The NBCUniversal joint venture got a strong boost from the 2012 Summer Olympics in London. Revenue for the unit increased 31.2%, to $6.8 billion, and operating cash flow was up 19.9%, to $1.1 billion. Excluding the Summer Games, revenue would have risen 8.3% and OCF would have increased 7.3% in the period.

In a research note, Credit Suisse media analyst Stefan Anninger wrote that the cable results were “solid,” adding that the impact of the Olympics was better than anticipated.

Aside from the Olympics windfall, there is additional revenue opportunity in retransmission consent for its broadcast stations, NBCUniversal CEO Steve Burke said on a conference call with analysts.

But Burke added NBCU would have to wait until current deals expire before taking full advantage of its retrans opportunity. He noted that deals representing about 25% of its subscriber base expire at the end of 2012, and some of those deals have already been concluded in a “handshake fashion.”

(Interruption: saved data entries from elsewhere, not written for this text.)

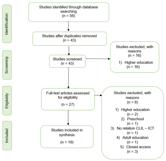 In the second phase, articles were analysed by their title, abstract and keywords, which led to 13 duplicates and the exclusion of 16 articles that were not in accordance with the inclusion criteria of primary and secondary education. Then, these excluded articles focused on preschool level, higher education and adult education. Moreover, another article did not put forward a relation between the topic ICT and CLIL.
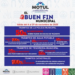 MOTUL, Yucatán, martes 04/11/25.- El Ayuntamiento que encabeza el alcalde Lucio Estrella Canul se une al programa nacional del Buen Fin y ofrece descuentos significativos que permitirán a los ciudadanos y comerciantes ponerse al día en sus trámites y contribuciones municipales.
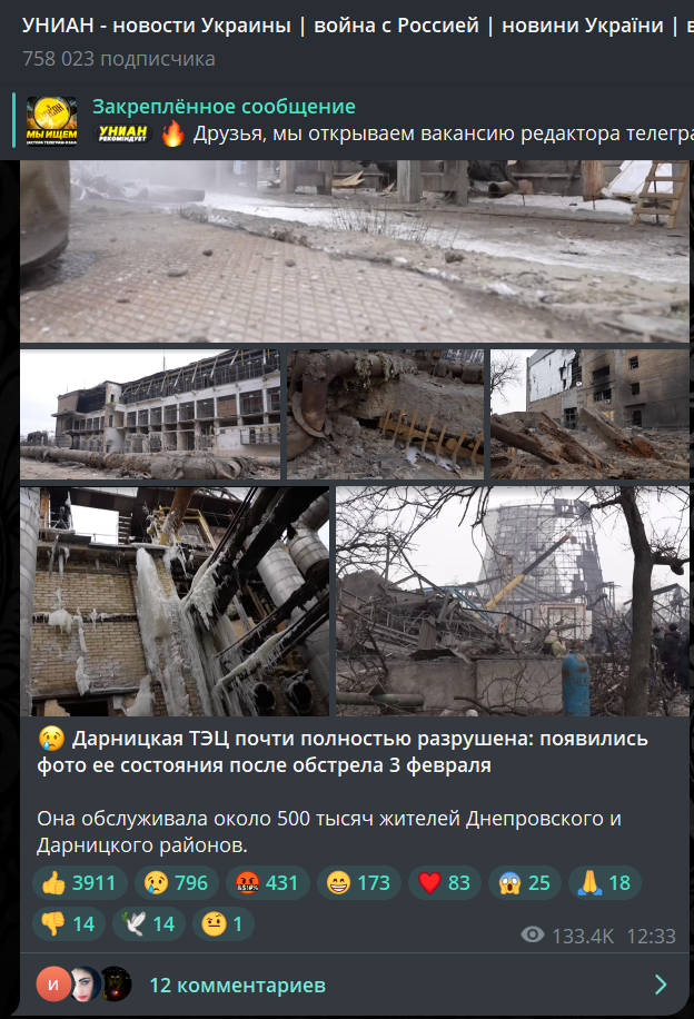 2. Под ударом во всех случаях были инфраструктурные объекты, обеспечивающие город и другие районы области светом и теплом;
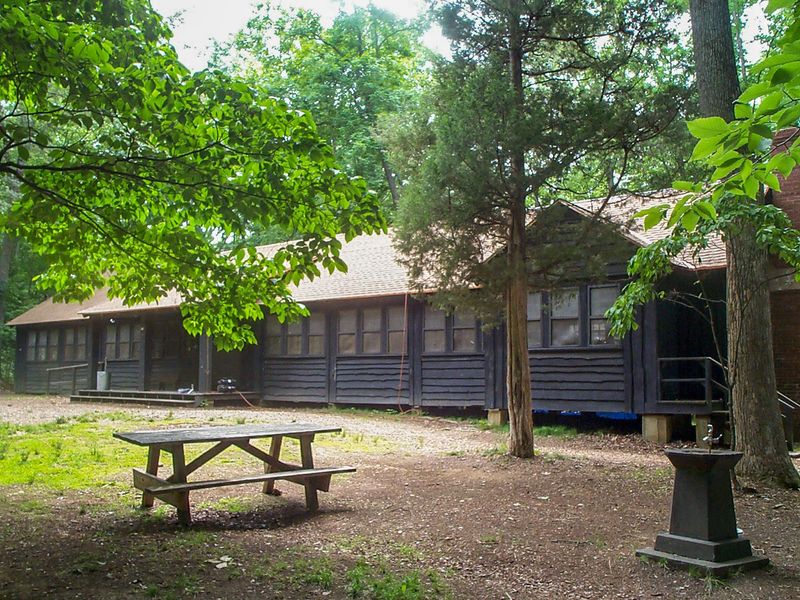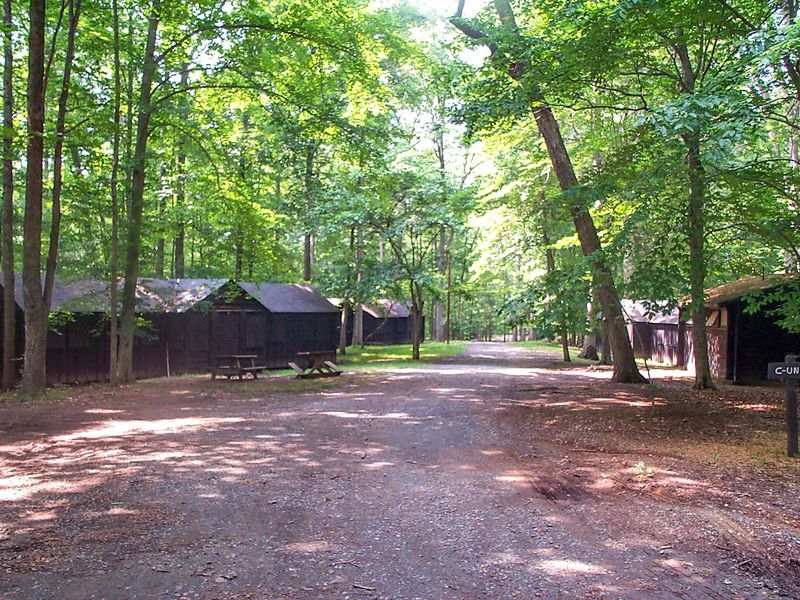 Cabin Camp 3 is a historic cabin camp facility located in Prince William Forest Park, constructed by the Civilian Conservation Corps during the 1930s and listed on the National Register of Historic Places. The camp is unique among the park's five cabin camps as the only one offering individual cabin rentals alongside group accommodations. The camp is divided into units. A and B Units offer individual cabin rentals for families and small groups, while C Unit is designed for larger groups up to 76 people. The cabins are rustic, featuring electric lights, ceiling fans, and cots. Each cabin has an outdoor grill and picnic table. Restroom facilities with hot showers are centrally located within walking distance of the cabins. The camp includes a dining hall with a complete kitchen, craft lodges with beautiful brick fireplaces, council fire rings, and an infirmary building. The forested setting provides a peaceful retreat with access to Prince William Forest Park's extensive trail system, including 37 miles of hiking trails and 21 miles of paved biking roads. The park preserves approximately 15,000 acres of Piedmont forest and offers opportunities for orienteering, fishing in streams and lakes, and wildlife observation. The camp is located along Scenic Drive, about 2 miles from the park entrance.
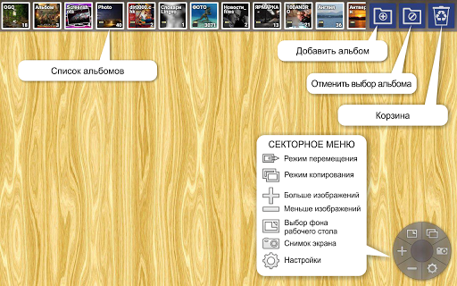на верхней панели позволяет связать его с выбранным столом и показать фотографии альбома. Количество видимых снимков можно менять секторами меню " " и "—".
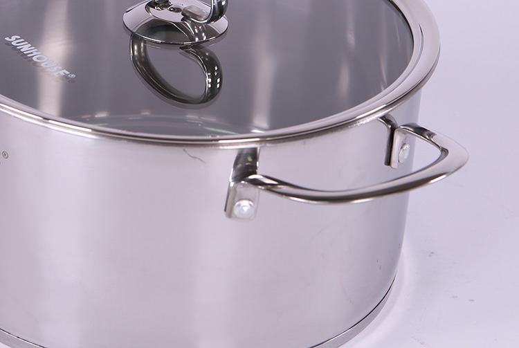 Bộ nồi inox 5 đáy SUNHOUSE SH890 được trang bị vung kính cường lực, trong suốt giúp bạn dễ dàng quan sát thực phẩm bên trong nồi. Viền mép vung được bọc inox, vừa sang trọng, vừa hạn chế bể vỡ khi va đập.
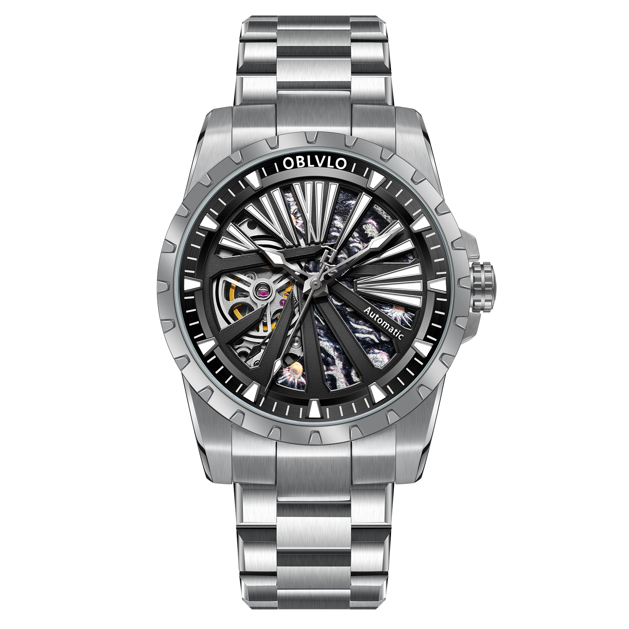 Dial Design: Special hollow dial design with wheel gear bezel, shiny super luminous dial.
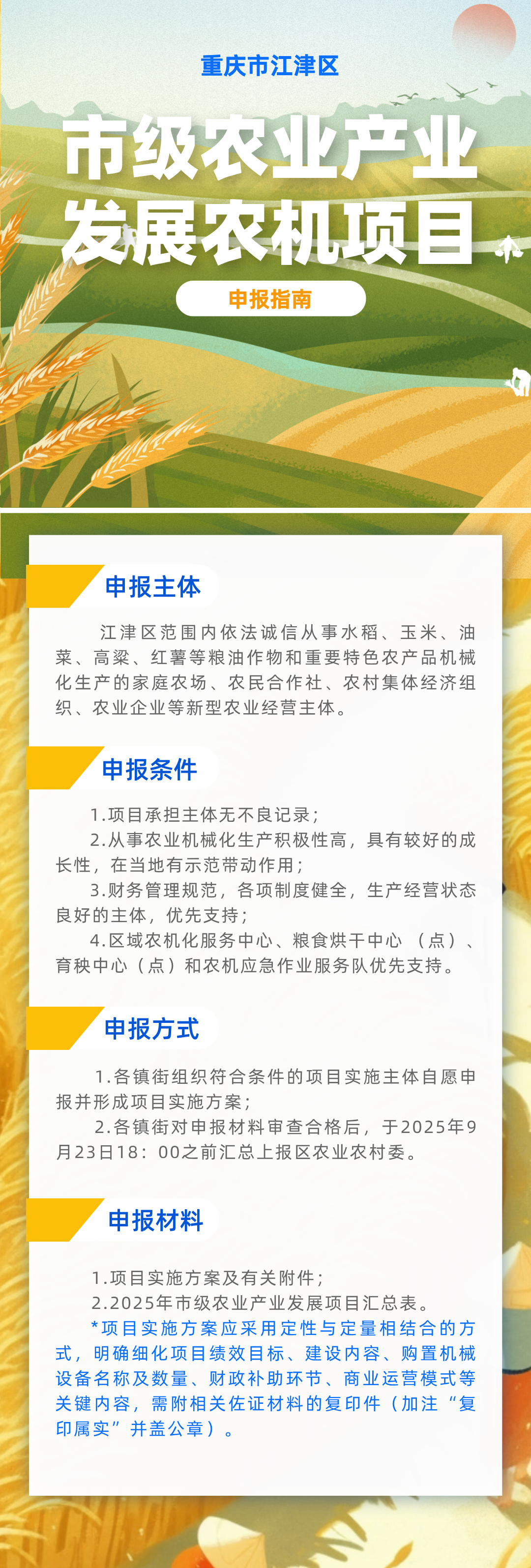 重庆市江津区农业农村委员会关于申报2025年市级农业产业发展农机项目的通知
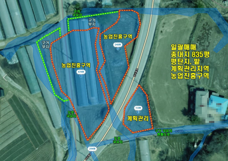 필지별 농업진흥구역, 계획관리지역으로 구분됨 비닐하우스 3개동 ( 2년 임대줬다고하시며 거의 끝나가는것같다고함)

According to an earlier report in Sports Business Journal, NBC has upcoming retrans negotiations with Charter Communications, the National Cable Television Co-operative and Dish Network.

NBCU also has had discussions with its affiliate stations concerning receiving a portion of their retrans haul — so-called reverse compensation — and has struck deals similar to what peers ABC, CBS and Fox have done with their stations.

“We are right on schedule, right on where we thought we would be in terms of getting those deals done,” Burke said.